Дазай лениво салютует стаканом джина, зная, что приветствие останется незамеченным. Эта анонимность и есть единственная причина поздороваться. Единственная дань чужим чувствам, от которых так неприятно тянет под ребрами.
Чуя внизу, у бассейна, неприкаянно шатается среди пьяных в хлам людей. Дазай никогда не окликнет и не позовет подняться наверх и, наверное, в этом и заключается какая-то фатальная ошибка, но, если каждый раз прислушиваться к своей паранойе и выполнять ее непомерно растущие требования — останется только запереться где-нибудь в подвале и никогда не выходить наверх.
Дазай — на балконе второго этажа, за его спиной — тонкие занавески, которые уже умудрился нечаянно прожечь сигаретой, и спальня Озаки. Пустая темная спальня с огромным синим экраном на стене. Кажется, какая-то документалка о дельфинах.
Комната переливается мягким плеском воды, тусклым голосом диктора и ненавязчивой фоновой музыкой сродни той, что постоянно играет в супермаркетах. Эта музыка, между прочим, практически незаметна днем, но вот ночью — ночью она становится достаточно громкой, чтобы услышать и подумать, что где-то ее точно слышал раньше. Смутное узнавание чего-то привычного и обыденного — самое последнее, чего хочет Дазай, пока ждет Харуто и его волшебный пакетик.
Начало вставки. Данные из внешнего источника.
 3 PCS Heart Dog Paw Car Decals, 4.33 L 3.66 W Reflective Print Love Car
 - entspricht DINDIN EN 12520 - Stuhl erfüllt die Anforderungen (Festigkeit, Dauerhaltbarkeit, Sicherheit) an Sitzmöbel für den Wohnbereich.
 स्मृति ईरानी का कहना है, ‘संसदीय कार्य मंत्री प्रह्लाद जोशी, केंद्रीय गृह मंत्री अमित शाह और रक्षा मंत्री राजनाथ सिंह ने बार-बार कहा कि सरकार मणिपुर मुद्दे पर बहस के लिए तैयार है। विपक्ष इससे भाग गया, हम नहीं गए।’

Еще немного, и мир станет чуточку лучше. Разве это не стоит лишних минут ожидания?
мир так никогда и не стал лучше. он схлопнулся до узкого тоннеля перед глазами и растянулся на миллионы световых лет вперед.
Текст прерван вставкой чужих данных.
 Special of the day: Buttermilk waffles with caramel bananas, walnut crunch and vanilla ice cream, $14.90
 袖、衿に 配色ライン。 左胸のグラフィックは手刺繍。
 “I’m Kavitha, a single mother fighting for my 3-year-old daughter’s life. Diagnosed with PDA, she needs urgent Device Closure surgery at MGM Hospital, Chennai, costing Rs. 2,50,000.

и да, это была ошибка. это была одна бесконечная ошибка, к которой он
стремился на таранной скорости и даже не пытался затормозить.
Мама звонит и поздравляет с днем рождения. Зачем-то она пытается делать это на ломанном японском, который едва-едва учила, пока жила здесь. Она говорит, что очень любит и скучает, но в Японию пока прилететь не может. Они с отцом жутко заняты — готовятся к переезду в другой штат и присматривают новый дом поближе к океану, и все эти жадные риэлторы бесконечно названивают им, и, боже, она так замоталась, что забыла заранее заказать подарок, но обязательно скинет денег на карту, и бла-бла-бла.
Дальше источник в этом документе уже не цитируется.